Below, locate the line that contains "圖7-27是電子提花的花型設". Repeat exactly from that line to the line that contains "6月10日,在重庆市北碚区缙", inclusive, leaving out the pictures.

Records from a data source ->
§

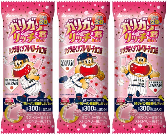 今回、「ガリガリ君リッチ」シリーズ20周年を記念した第2弾商品として、野球日本代表「侍ジャパン」を盛り上げるために、ガリガリ君史上初めて侍ジャパンのユニホームを着た商品を発売します。
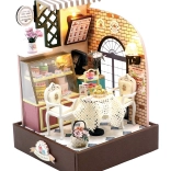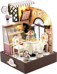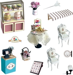 Gestalten Sie Ihre eigene gemütliche Konditorei mit miniaturisierten Tischen, Stühlen und einer Dessertvitrine. Das Set wird zerlegt geliefert, enthält eine detaillierte Anleitung sowie praktische Werkzeuge für den einfachen Zusammenbau. Das fertige Modell wirkt wie ein realistisches Diorama – ideal für Liebhaber von Miniaturen und stilvollen Dekorationen.
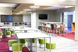 The 19-acre campus includes three libraries/media centers, a 400-seat theater, three cafeterias, seven science labs, a design technology center, outdoor learning centers, dance and music rooms, two gyms, functional fitness center and sports fields.[3]
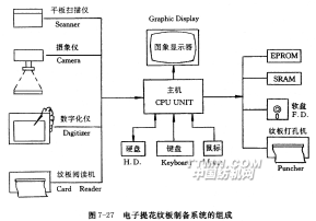 圖7-27是電子提花的花型設(shè)計和紋板制備系統(tǒng)的框圖,由圖案輸入、處理和紋板數(shù)據(jù)輸出等三部分組成。由于提花圖案較為復(fù)雜,系統(tǒng)提供了四種輸入手段。如果圖案原稿是彩圖、意匠圖和投影放大圖等紙
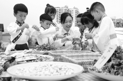 6月10日,在重庆市北碚区缙云幼儿园,老师指导孩子制作香囊。当日,重庆市北碚区缙云幼儿园举行迎端午主题活动,孩子们通过参与旱地龙舟、制作香包、画团扇、包粽子等民俗体验活动,感受传统节日的魅力。 新华社发(秦廷富/摄)
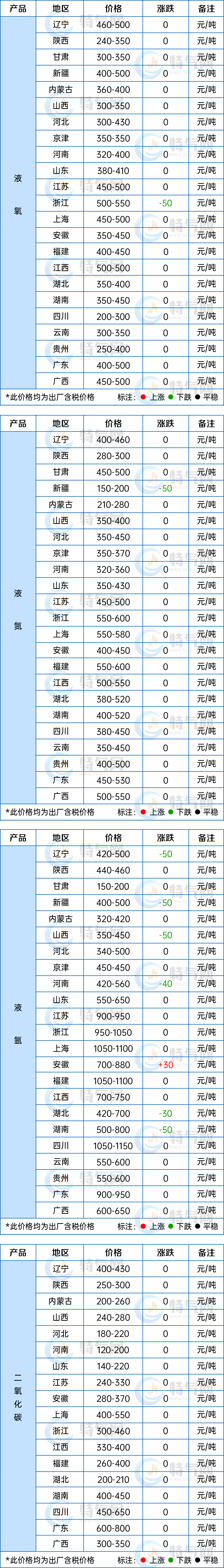 【液氧】今日國(guó)內(nèi)液(yè)氧市場氛(fēn)圍冷清,交投(tóu)欠佳。華北地區下遊鋼廠限產對液氧需求不高,氣(qì)體廠家出貨不暢價格低位(wèi)盤整;華東液氧市場氛圍一般,氣體廠家出貨為主,價格小幅調整;西(xī)南地區弱勢維穩(wěn),下遊按需采購,成交清淡(dàn)。【液氮】液氮市場行情下滑,局部價格震蕩調整。西北地(dì)區(qū)需求低迷,液氮廠家降價出(chū)貨為主,下遊按需(xū)采購,成交一般(bān);華東液氮市場持穩運行,終端需求不佳,對液氮市場價格支撐有限,價格平穩。【液氬】液氬市場(chǎng)整體(tǐ)走勢欠(qiàn)佳,價格下行為主。華中地區貨源供應正常,下遊需求企業(yè)采購力度(dù)不大,氣體廠家庫存承壓,價(jià)格繼續下滑;華東(dōng)液氬市場大穩小動,安徽局部地區成(chéng)交(jiāo)尚可,價格窄幅上調;華南(nán)地區氛圍一般,成交偏淡。【二氧化碳】二氧化碳市場交投平淡。河北、河南主力企業液位尚可,需求市場表(biǎo)現穩定,市場交投變化不大,價格暫穩;華東二氧化碳(tàn)市場暫穩運行,整體波動不大,市場成交一般,價格(gé)暫無明顯調整。
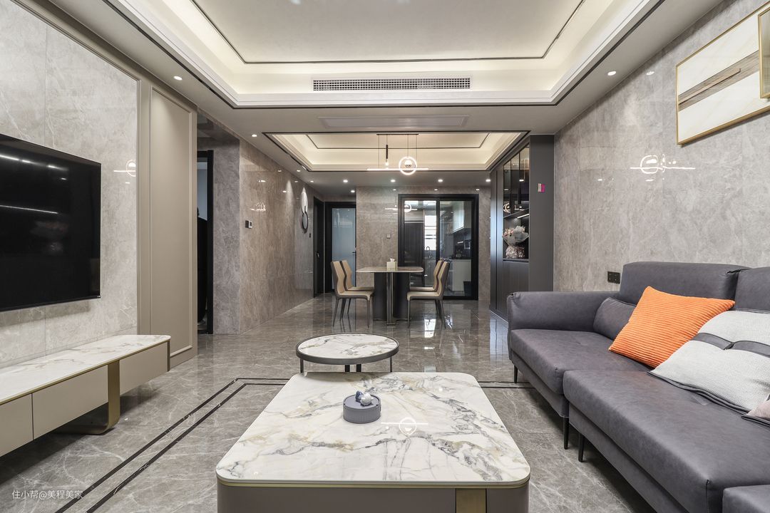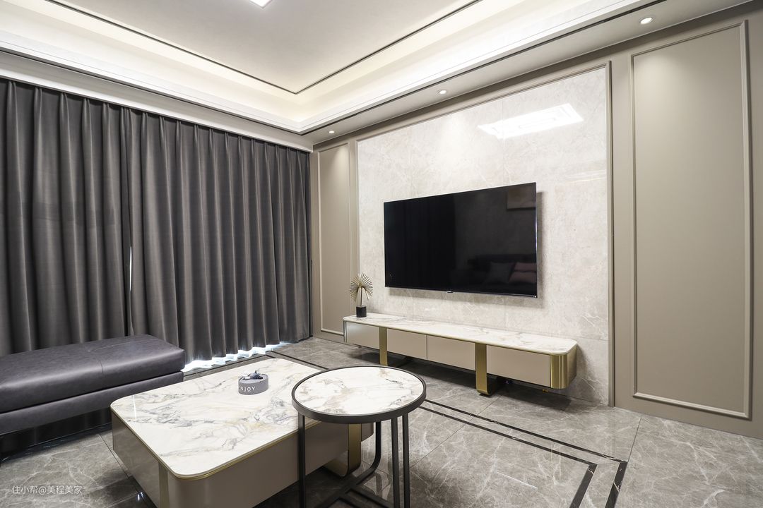 本案例户型实测面积125㎡,动静分区合理,格局通透三向采光通风,朝向与景观面都相对出色,无论是功能性还是改善生活都可以完美协调。在格局上,设计师顺势而行,采用现代+轻奢的设计理念,精致质朴的规划语言,去实现屋主对于生活品质的追求和舒适度。
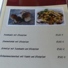 Die Speisekarte bietet eine Auswahl interessanter und regionaler Gerichte. Saisonal wurden verschiedene Steinpilzgerichte angeboten. Die Speisen, die an den Tischen serviert wurden, sahen alle sehr appetitlich aus. Ebenso die Kuchenauswahl in der Glasvitrine.
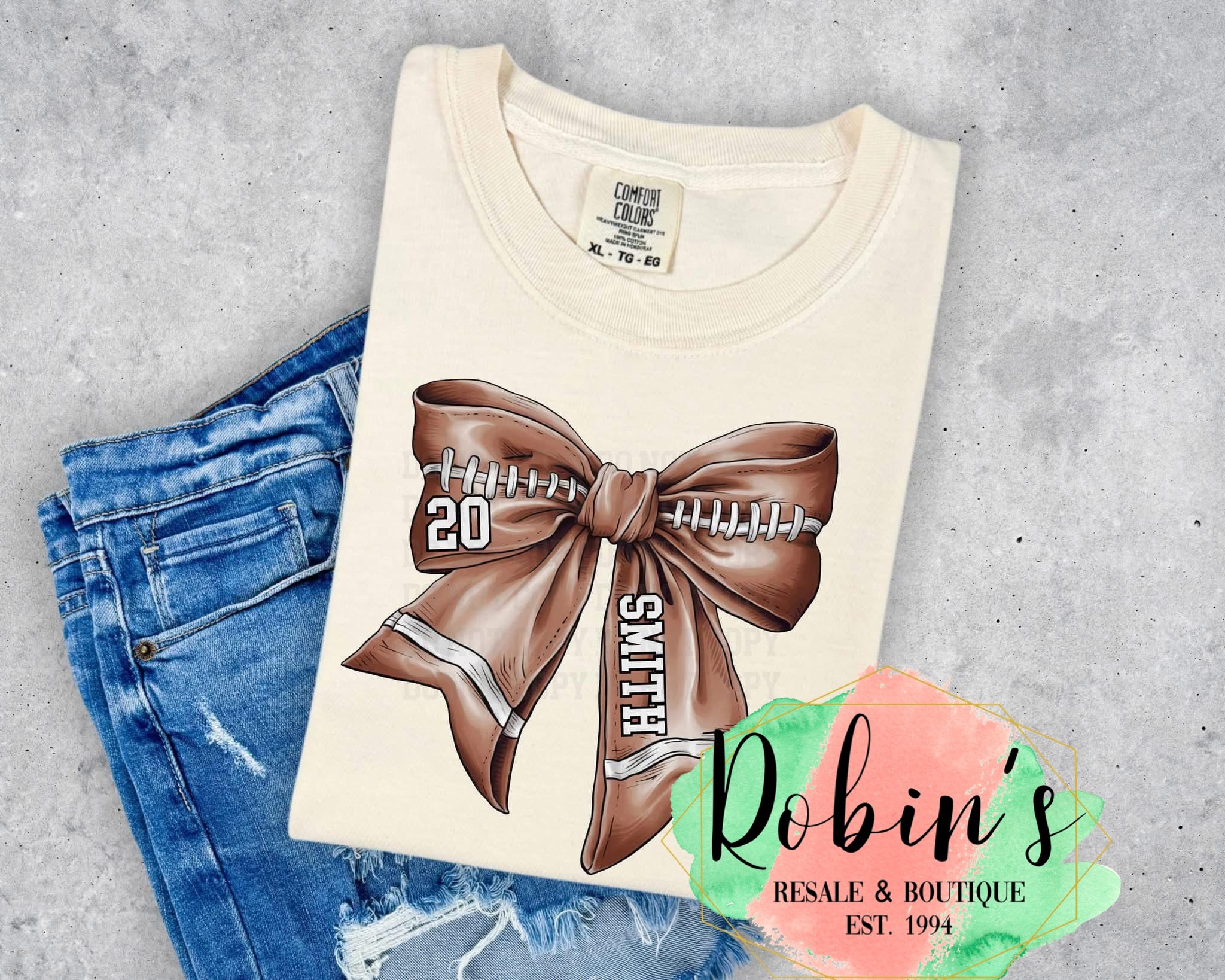 Totally customizable! Choose shirt color and size! Bow can say player name, last name, team name etc…anything you want! Choose no player number or you can choose to put their number as shown!

§

Solution to this problem ->
 圖7-27是電子提花的花型設(shè)計和紋板制備系統(tǒng)的框圖,由圖案輸入、處理和紋板數(shù)據(jù)輸出等三部分組成。由于提花圖案較為復(fù)雜,系統(tǒng)提供了四種輸入手段。如果圖案原稿是彩圖、意匠圖和投影放大圖等紙
 6月10日,在重庆市北碚区缙云幼儿园,老师指导孩子制作香囊。当日,重庆市北碚区缙云幼儿园举行迎端午主题活动,孩子们通过参与旱地龙舟、制作香包、画团扇、包粽子等民俗体验活动,感受传统节日的魅力。 新华社发(秦廷富/摄)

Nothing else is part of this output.